(Saved entries)

—————

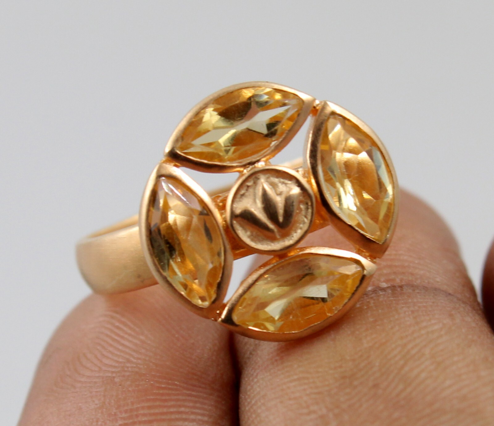 как выглядит Yellow Citrine Rose Gold Plated Ring Size 8 Solid 925 Sterling Silver Jewelry фото
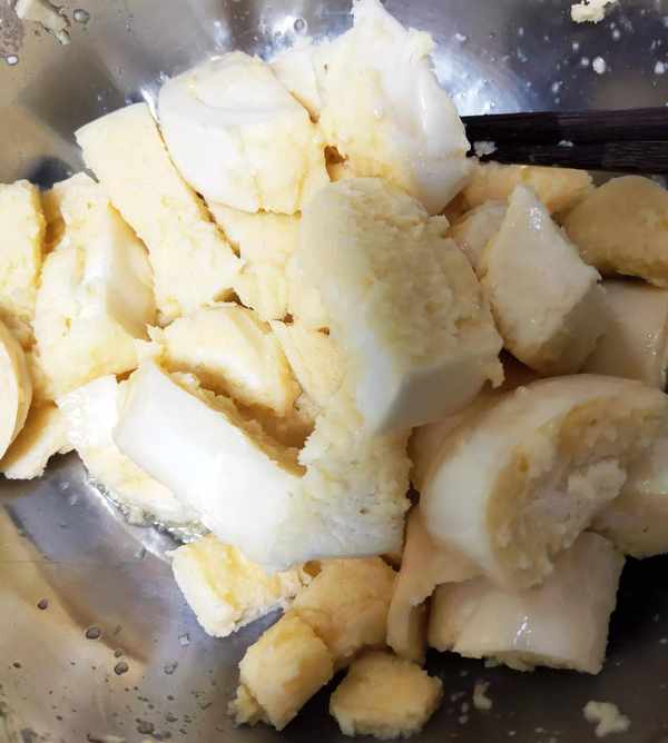 煎炒馒头条,馒头切成手指粗细的长条。鸡蛋2个加水盐少许打匀,使馒头条充分沾满蛋液!
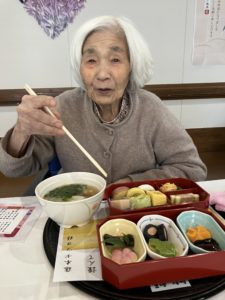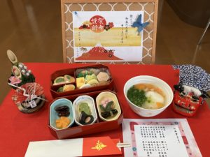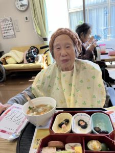 栄養課で用意された手作りの雑煮と、そしてとても豪華なお節料理を味わいます!(^^)!
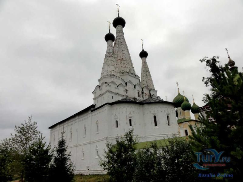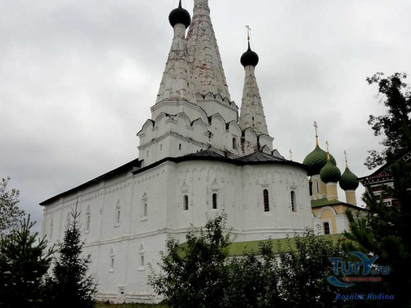 После польского разорения в 1628 году на территории Алексеевского монастыря в Угличе сооружена Успенская "Дивная" церковь. Необыкновенна и красива с дивными, устремленными ввысь шпилями, церковь гармонично вписалась в монастырский ансамбль. В народном названии храма точно выразилось отношение к прекрасному и совершенному творению зодчего. Выдающийся памятник русской шатровой архитектуры поражает устремленными ввысь шатрами и их архитектурным декором. Отсутствие в трапезной кухни, подсобных помещений наводит на мысль о том, что "Дивная" предназначалась не для обычных трапез, а для торжеств. Безвестный зодчий, возводя "Дивную", строил храм-памятник, подобно собору Василия Блаженного в Москве, церкви Вознесения в Коломенском. Лучший вид на «Дивную» церковь — с северо-востока. Перед взором полностью открывается все сооружение. Примыкающая к церкви ограда с воротами относится к концу XVIII века.
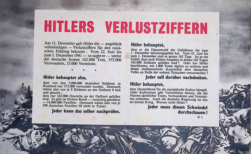 Pamflet: "Der Rückzug von Moskau/Hitlers Verulstziff...
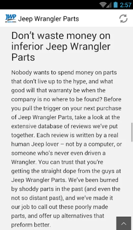 Jeep Wrangler Parts is run by Jeep enthusiasts who live and breath Jeep. We've made plenty of mistakes with our own money over the years, buying bad upgrades, or parts that just don't hold up. We decided to pool our knowledge and create an app that could help other Jeepers when it comes time for their upgrades.
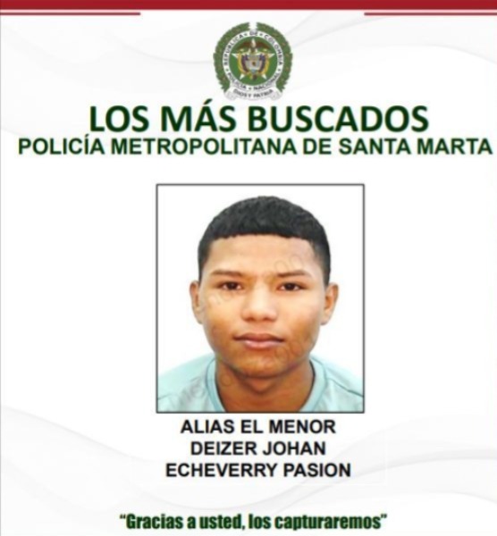 Con tan solo 20 años de edad, Deizer Johan Echeverry Pasión, alias el Menor, figuraba en el cartel de los más buscados por la Policía Metropolitana de Santa Marta, pero nunca pudieron encontrarlo. Sin embargo, quien si lo ubicó y le segó la vida fue un sicario durante la noche del jueves 8 de mayo.
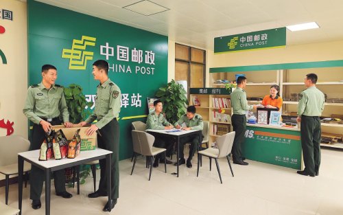 崇左市郵政分公司員工在憑祥軍郵驛站服務部隊官兵。□唐波 攝
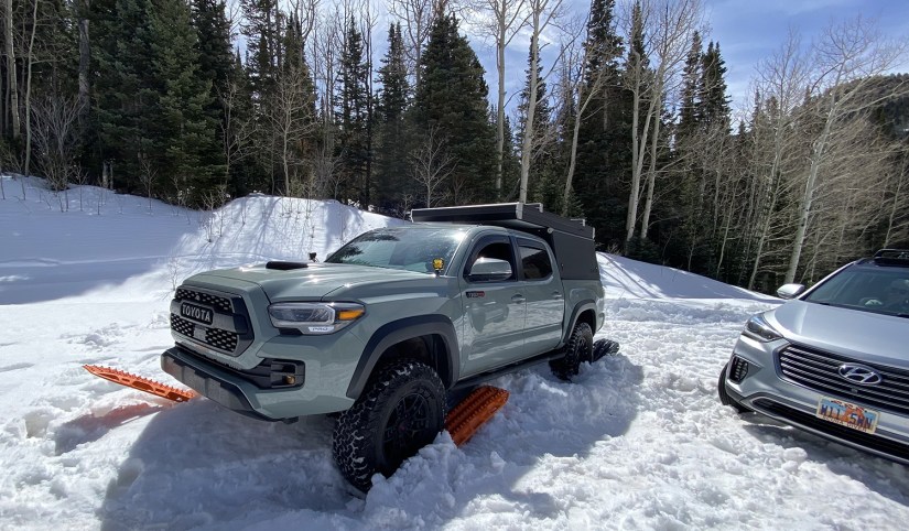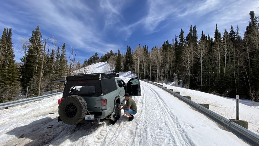 Weren’t we just in the desert, and now we’re standing in snow in sandals?! Eric aired down the tires and we gave the road a go with the Maxtrax, and I dug out some more appropriate footwear since Chacos and snow make a chilly combo. Just as we passed their car, Colette put Eric on the phone with the tow truck driver, who warned us not to try to continue (we are unsure if he knew we were in a capable vehicle, or was a local who was in the know on what lied ahead). We sighed, admitted defeat, and turned around after exchanging phone numbers and making sure our new friends had water and snacks.
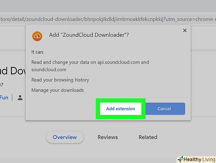 НатиснітьВстановити розширення, коли з'явиться запит. Розширення Zoundcloud Downloader буде встановлено в браузері Chrome.
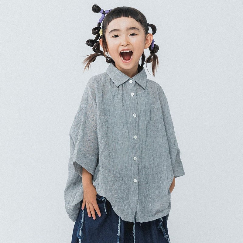 リネン混の綿麻ワッシャー生地で、春夏にぴったりなネックギャザーシャツです。
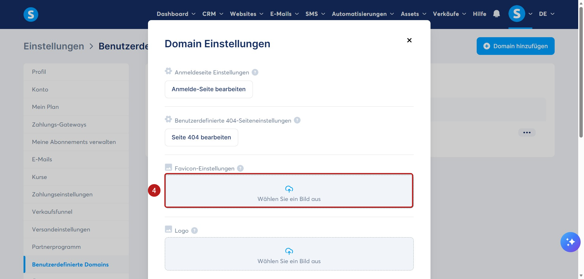Klicken Sie im Popup-Fenster auf Favicon-Einstellungen (4), um Ihr Bild auszuwählen.
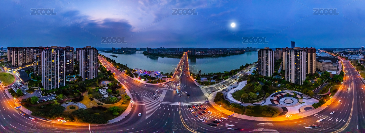四川省乐山市720度全景夜月大渡河外滩
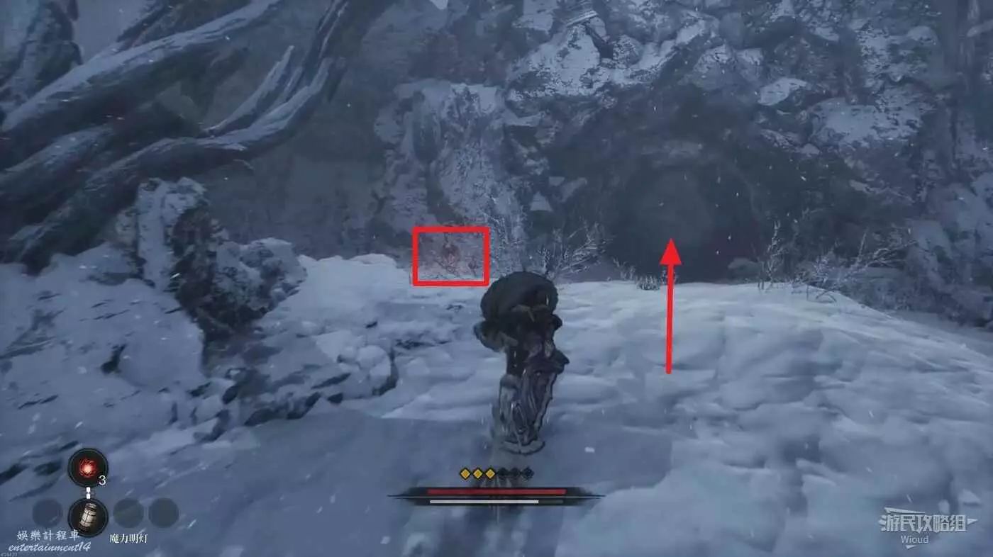 進入地圖先啟動前面的篝火,左前方兩隻猴子的位置有道具可拿,右側木頭樓梯處可以拿一個靈魂之淚粉末。
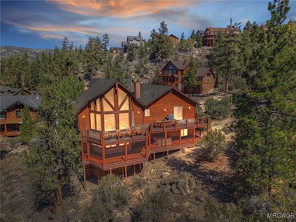 An elegant mountain retreat with unmatched views ~ Welcome to your Big Bear sanctuary, a five-bedroom masterpiece built in 2004, perfectly positioned on a peaceful cul-de-sac in the highly sought-after Castle Glen Estates, one of the most desirable neighborhoods in all of Big Bear ~ Designed with both relaxation and adventure in mind, this home offers the ultimate blend of comfort, luxury, and nature ~ Inside, soaring floor-to-ceiling windows invite natural light and frame breathtaking views of the surrounding forest and ski slopes, while slate flooring adds timeless sophistication to the open-concept design ~ Expansive living spaces and an enormous game room filled with pure fun, create the perfect atmosphere for entertaining, while a private hot tub offers the ultimate retreat after a day of adventure ~ You can’t miss the oversized four car garage with room to store all your mountain toys ~ Out back, the property opens to private acreage with beautiful viewa ~ From your southwest-facing deck, you’ll enjoy golden sunsets, panoramic forest and ski-slope views, and dazzling night skies filled with shooting stars ~ Towering pines and dramatic boulders complete the serene mountain backdrop, all while being just minutes from Big Bear’s activities ~ For summer fun, the nearest marina is only a two-minute drive making boating, fishing, and lakeside relaxation effortlessly accessible ~ Children can safely play and ride bikes along the quiet cul-de-sac while you savor peaceful evenings surrounded by nature ~ This exceptional retreat in Castle Glen Estates is more than a home it’s a lifestyle ~ Whether used as an investment, full-time residence or seasonal getaway, this home is waiting for you to make it your own ~ All furnishings can be included ~ Come enjoy Big Bear in luxury.
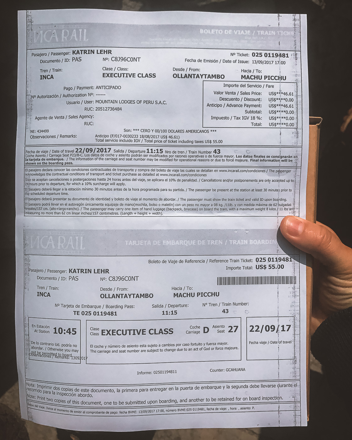 Unser Ticket für 55 US-Dollar war für die "Executive Class" bei Inca Rail. Bei beiden Anbietern gilt, dass du nur beschränkt Gepäck mitnehmen darfst.

—————

* The task:
Repeat the data above exactly, images excluded.

* Your response:
 как выглядит Yellow Citrine Rose Gold Plated Ring Size 8 Solid 925 Sterling Silver Jewelry фото
 煎炒馒头条,馒头切成手指粗细的长条。鸡蛋2个加水盐少许打匀,使馒头条充分沾满蛋液!
 栄養課で用意された手作りの雑煮と、そしてとても豪華なお節料理を味わいます!(^^)!
 После польского разорения в 1628 году на территории Алексеевского монастыря в Угличе сооружена Успенская "Дивная" церковь. Необыкновенна и красива с дивными, устремленными ввысь шпилями, церковь гармонично вписалась в монастырский ансамбль. В народном названии храма точно выразилось отношение к прекрасному и совершенному творению зодчего. Выдающийся памятник русской шатровой архитектуры поражает устремленными ввысь шатрами и их архитектурным декором. Отсутствие в трапезной кухни, подсобных помещений наводит на мысль о том, что "Дивная" предназначалась не для обычных трапез, а для торжеств. Безвестный зодчий, возводя "Дивную", строил храм-памятник, подобно собору Василия Блаженного в Москве, церкви Вознесения в Коломенском. Лучший вид на «Дивную» церковь — с северо-востока. Перед взором полностью открывается все сооружение. Примыкающая к церкви ограда с воротами относится к концу XVIII века.
 Pamflet: "Der Rückzug von Moskau/Hitlers Verulstziff...
 Jeep Wrangler Parts is run by Jeep enthusiasts who live and breath Jeep. We've made plenty of mistakes with our own money over the years, buying bad upgrades, or parts that just don't hold up. We decided to pool our knowledge and create an app that could help other Jeepers when it comes time for their upgrades.
 Con tan solo 20 años de edad, Deizer Johan Echeverry Pasión, alias el Menor, figuraba en el cartel de los más buscados por la Policía Metropolitana de Santa Marta, pero nunca pudieron encontrarlo. Sin embargo, quien si lo ubicó y le segó la vida fue un sicario durante la noche del jueves 8 de mayo.
 崇左市郵政分公司員工在憑祥軍郵驛站服務部隊官兵。□唐波 攝
 Weren’t we just in the desert, and now we’re standing in snow in sandals?! Eric aired down the tires and we gave the road a go with the Maxtrax, and I dug out some more appropriate footwear since Chacos and snow make a chilly combo. Just as we passed their car, Colette put Eric on the phone with the tow truck driver, who warned us not to try to continue (we are unsure if he knew we were in a capable vehicle, or was a local who was in the know on what lied ahead). We sighed, admitted defeat, and turned around after exchanging phone numbers and making sure our new friends had water and snacks.
 НатиснітьВстановити розширення, коли з'явиться запит. Розширення Zoundcloud Downloader буде встановлено в браузері Chrome.
 リネン混の綿麻ワッシャー生地で、春夏にぴったりなネックギャザーシャツです。
Klicken Sie im Popup-Fenster auf Favicon-Einstellungen (4), um Ihr Bild auszuwählen.
四川省乐山市720度全景夜月大渡河外滩
 進入地圖先啟動前面的篝火,左前方兩隻猴子的位置有道具可拿,右側木頭樓梯處可以拿一個靈魂之淚粉末。
 An elegant mountain retreat with unmatched views ~ Welcome to your Big Bear sanctuary, a five-bedroom masterpiece built in 2004, perfectly positioned on a peaceful cul-de-sac in the highly sought-after Castle Glen Estates, one of the most desirable neighborhoods in all of Big Bear ~ Designed with both relaxation and adventure in mind, this home offers the ultimate blend of comfort, luxury, and nature ~ Inside, soaring floor-to-ceiling windows invite natural light and frame breathtaking views of the surrounding forest and ski slopes, while slate flooring adds timeless sophistication to the open-concept design ~ Expansive living spaces and an enormous game room filled with pure fun, create the perfect atmosphere for entertaining, while a private hot tub offers the ultimate retreat after a day of adventure ~ You can’t miss the oversized four car garage with room to store all your mountain toys ~ Out back, the property opens to private acreage with beautiful viewa ~ From your southwest-facing deck, you’ll enjoy golden sunsets, panoramic forest and ski-slope views, and dazzling night skies filled with shooting stars ~ Towering pines and dramatic boulders complete the serene mountain backdrop, all while being just minutes from Big Bear’s activities ~ For summer fun, the nearest marina is only a two-minute drive making boating, fishing, and lakeside relaxation effortlessly accessible ~ Children can safely play and ride bikes along the quiet cul-de-sac while you savor peaceful evenings surrounded by nature ~ This exceptional retreat in Castle Glen Estates is more than a home it’s a lifestyle ~ Whether used as an investment, full-time residence or seasonal getaway, this home is waiting for you to make it your own ~ All furnishings can be included ~ Come enjoy Big Bear in luxury.
 Unser Ticket für 55 US-Dollar war für die "Executive Class" bei Inca Rail. Bei beiden Anbietern gilt, dass du nur beschränkt Gepäck mitnehmen darfst.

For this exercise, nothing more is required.